Как и в других конторах, общее собрание купцов «Стального двора» ежегодно, в начале января, избирало руководителя, «немецкого старшину» (aldermannus Theutonicorum). Из числа Совета двенадцати старшина выбирал двоих податных чиновников, причем не из своей трети; они втроем составляли исполнительный комитет конторы. Однако особенность «Стального двора» заключалась в наличии еще одного, «английского старшины». Его кандидатуру выдвигали купцы, а утверждал король. Английский старшина должен был быть гражданином, иногда мэром, Лондона и членом городского совета, которому он приносил присягу на верность по вступлении в должность. Обычно им становился уроженец Германии, который получил английское гражданство. Его власть не сводилась к одному «Стальному двору», но распространялась на все ганзейские конторы в Англии. Поэтому иногда его называли «главным старшиной всей Англии» (overste alderman van al Engellant). Он исполнял как судебные функции – выступал посредником в спорах между ганзейцами и англичанами, – так и дипломатические, представляя и отстаивая интересы немцев перед местными властями. Эта любопытная интеграция ганзейского организма в существующие английские учреждения, которая безусловно имела свои преимущества, вела также к обязательству, равного которому нет ни в одной другой конторе. С конца XIII в. купцы «Стального двора» отвечали за обслуживание и ремонт городских ворот Бишопсгейт.

Брюгге. Контора в Брюгге занимала исключительное место благодаря тому, что в ее распоряжении не было отдельного участка земли. Немецкие купцы снимали в городе квартиры или дома. Кроме того, их можно было найти в Дамме, центре торговли вином, в других портах на Звейне, и особенно в Слёйсе, который любили моряки. Начиная с 1442 г. «остерлинги», как называли ганзейцев, получили во владение собственный дом. Еще один дом, больше размером, был достроен в 1478 г. Он располагался на площади, где было их любимое место встреч. Ранее они проводили собрания в трапезной монастыря кармелитов, церковь которого считалась их официальным религиозным центром.

Первые привилегии были предоставлены конторе в 1252 г., и вскоре она начала процветать. Но в течение еще целого столетия она не была организована должным образом, да и после между ее членами наблюдались серьезные разногласия. По уставу 1347 г.[14], купцы разделялись на три трети: Любек – Саксония, Вестфалия – Пруссия и Готланд – Ливония.
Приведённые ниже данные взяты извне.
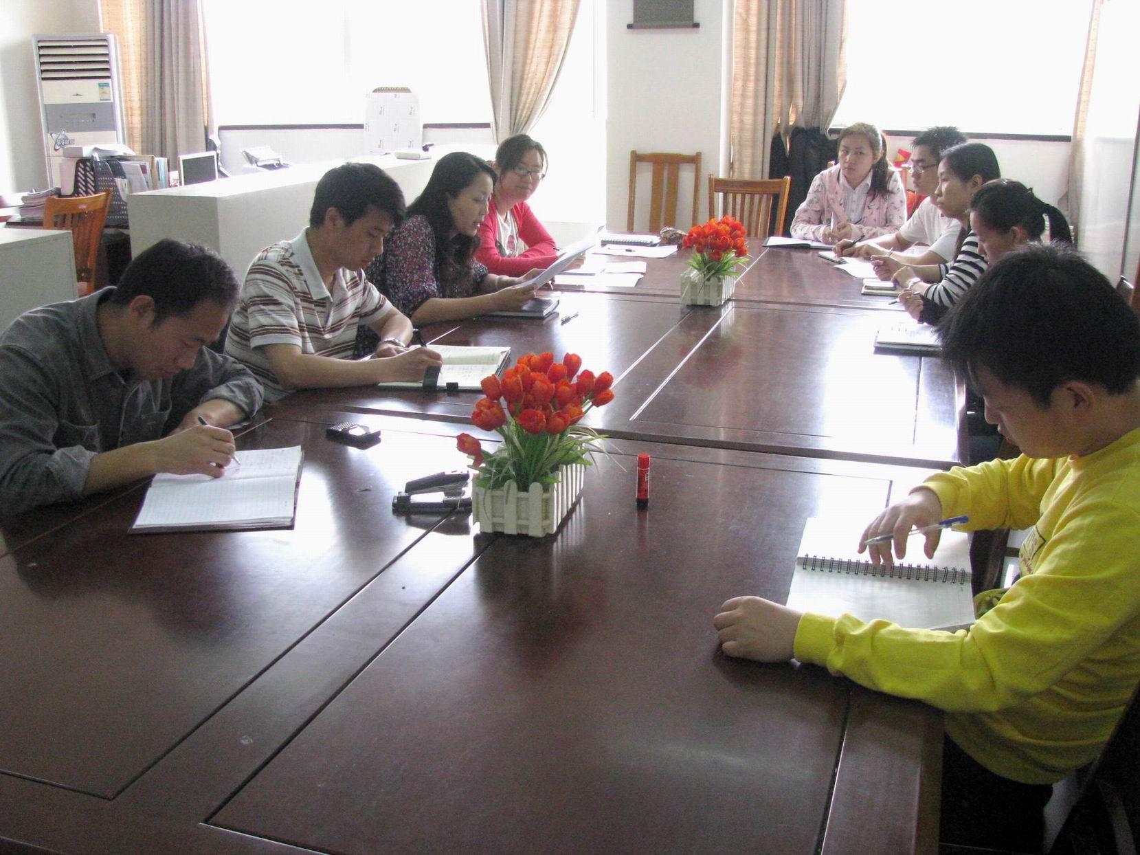 5月16日上午9点,bevictor伟德员工工作办公室于教学楼F112召开会议,学习胡锦涛在庆祝清华大学建校100周年大会上的讲话精神。会议由党委副书记虞蓉老师主持,全体辅导员老师参加会议。

Судя по всему, такое деление отражало разделение ганзейских городов. Трети обладали значительной степенью автономии. Каждая ежегодно выбирала двух старшин (которые назначали шестерых податных чиновников из представителей своей трети), проводила отдельные собрания и назначала делегатов, которые вели переговоры с городом Брюгге по вопросам, имевшим отношение к их трети. У каждой трети имелась собственная казна. Средства главным образом поступали из налога с оборота (schoss), который платили купцы той или иной трети. Налог исчислялся в грошах на фунт, то есть составлял 1/720 стоимости. Однако, поскольку готландская треть была беднее, она обязана была взимать налог по более высокой ставке. В середине XV в. подобное положение вызвало гнев. Представители трети потребовали (их требование было исполнено) объединить все три сундука с казной. В 1486 г. из-за упадка конторы количество старшин сократили с 6 до 3, по одному для каждой трети, а количество податных чиновников – с 18 до 9. Даже после того, как большинство ганзейцев переехали в Антверпен, старшины еще долго оставались в Брюгге, создавая впечатление, что тамошняя контора еще действует.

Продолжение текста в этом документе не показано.